--- DATA PROVIDED ---
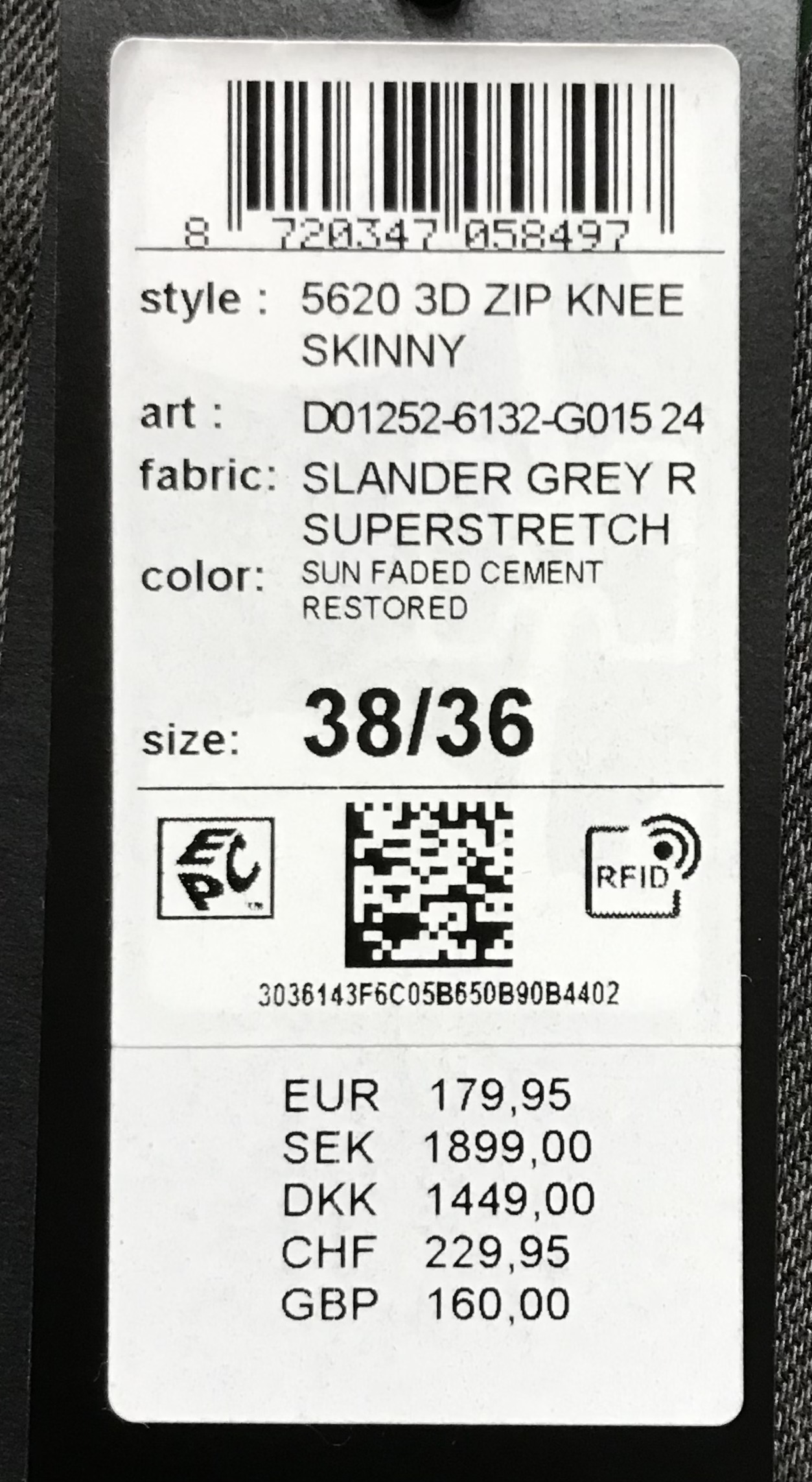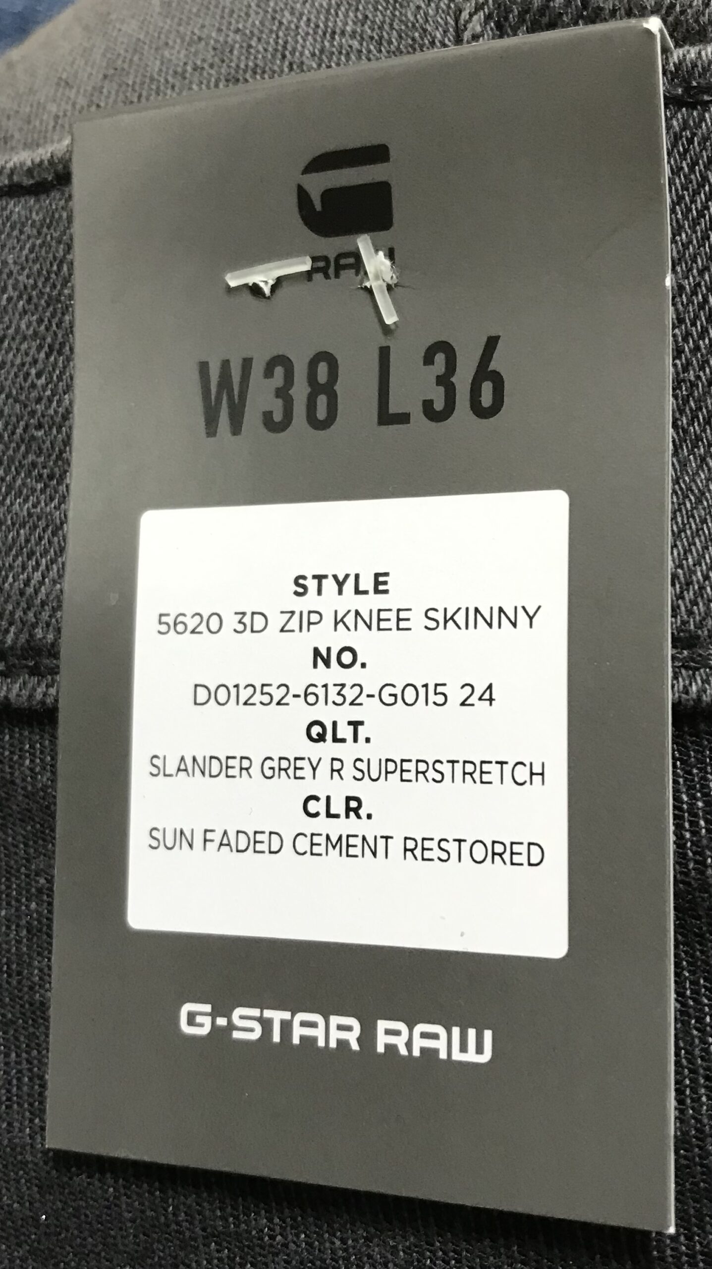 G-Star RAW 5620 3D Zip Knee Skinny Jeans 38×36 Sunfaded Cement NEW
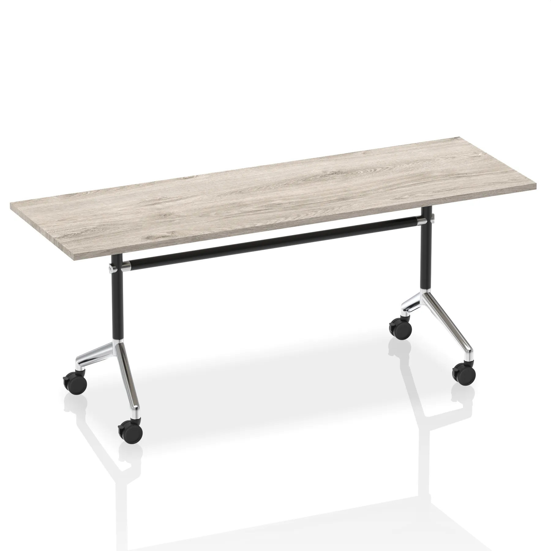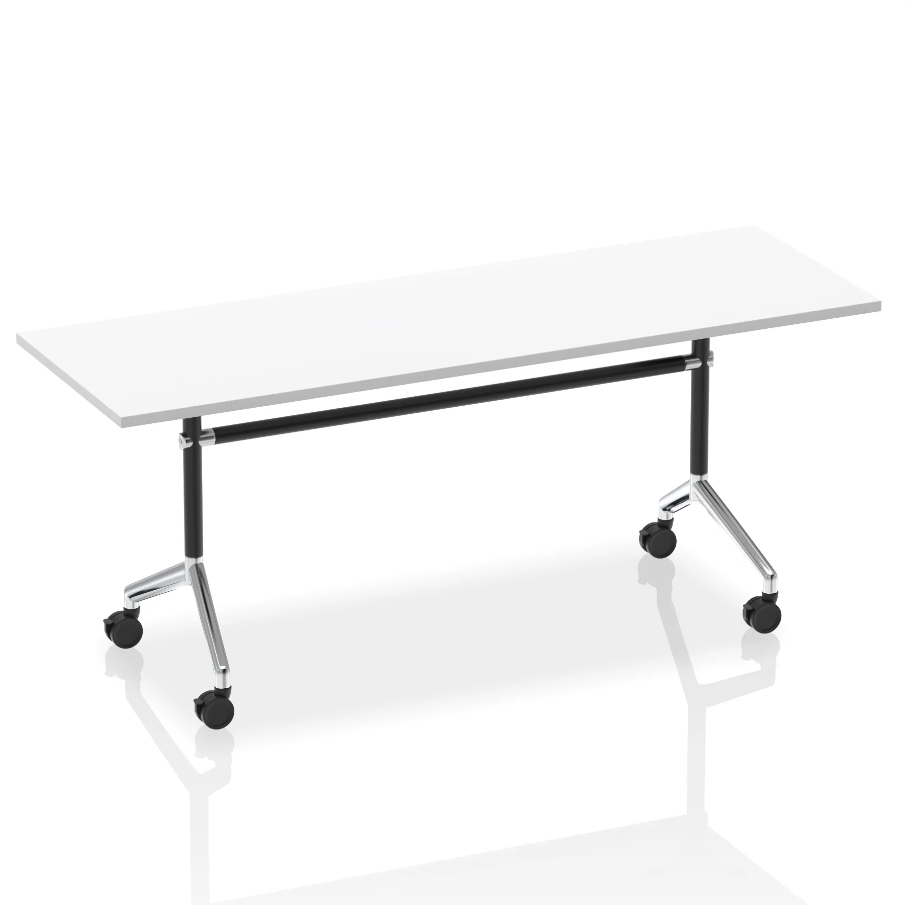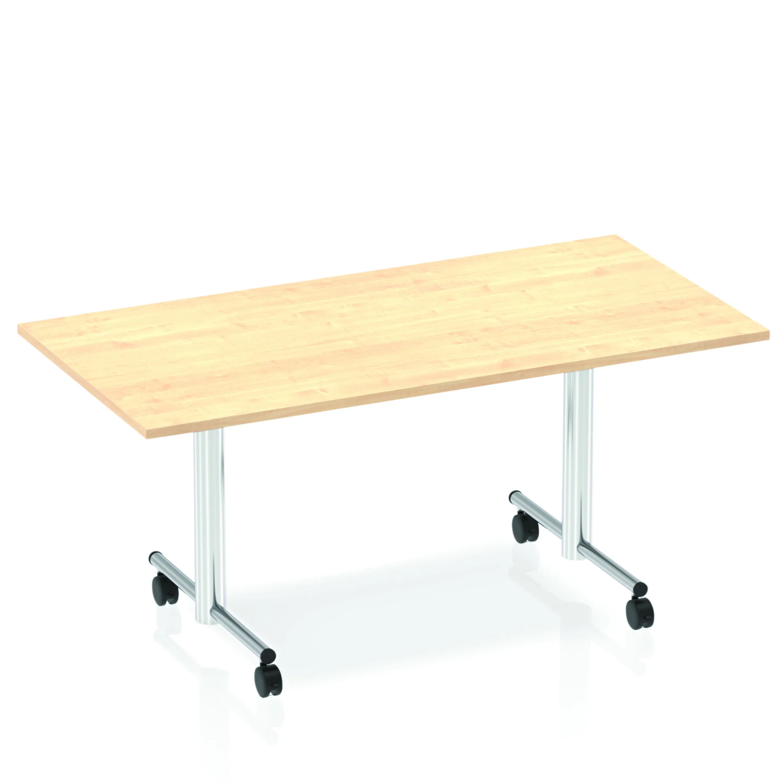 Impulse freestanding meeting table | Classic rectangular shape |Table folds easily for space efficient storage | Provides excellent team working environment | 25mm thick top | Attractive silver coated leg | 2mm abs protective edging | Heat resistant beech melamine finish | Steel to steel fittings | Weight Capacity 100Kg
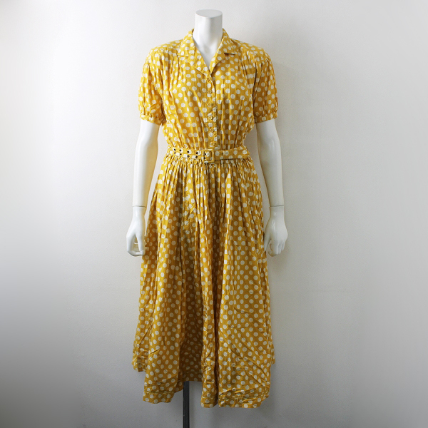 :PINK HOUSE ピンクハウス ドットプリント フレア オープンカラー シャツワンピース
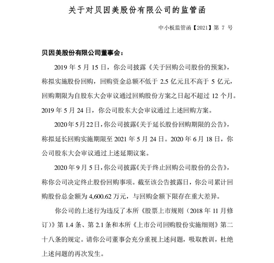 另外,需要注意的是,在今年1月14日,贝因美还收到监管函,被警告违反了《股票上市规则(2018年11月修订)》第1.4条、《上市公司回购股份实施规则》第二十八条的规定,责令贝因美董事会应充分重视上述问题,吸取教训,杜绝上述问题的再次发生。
---
• _REQUIRED WORK_:
Leaving the pictures out, copy exactly the lines from the line that contains "Impulse freestanding meeting" to the last line of the data, both ends included.

• _SOLUTION_:
 Impulse freestanding meeting table | Classic rectangular shape |Table folds easily for space efficient storage | Provides excellent team working environment | 25mm thick top | Attractive silver coated leg | 2mm abs protective edging | Heat resistant beech melamine finish | Steel to steel fittings | Weight Capacity 100Kg
 :PINK HOUSE ピンクハウス ドットプリント フレア オープンカラー シャツワンピース
 另外,需要注意的是,在今年1月14日,贝因美还收到监管函,被警告违反了《股票上市规则(2018年11月修订)》第1.4条、《上市公司回购股份实施规则》第二十八条的规定,责令贝因美董事会应充分重视上述问题,吸取教训,杜绝上述问题的再次发生。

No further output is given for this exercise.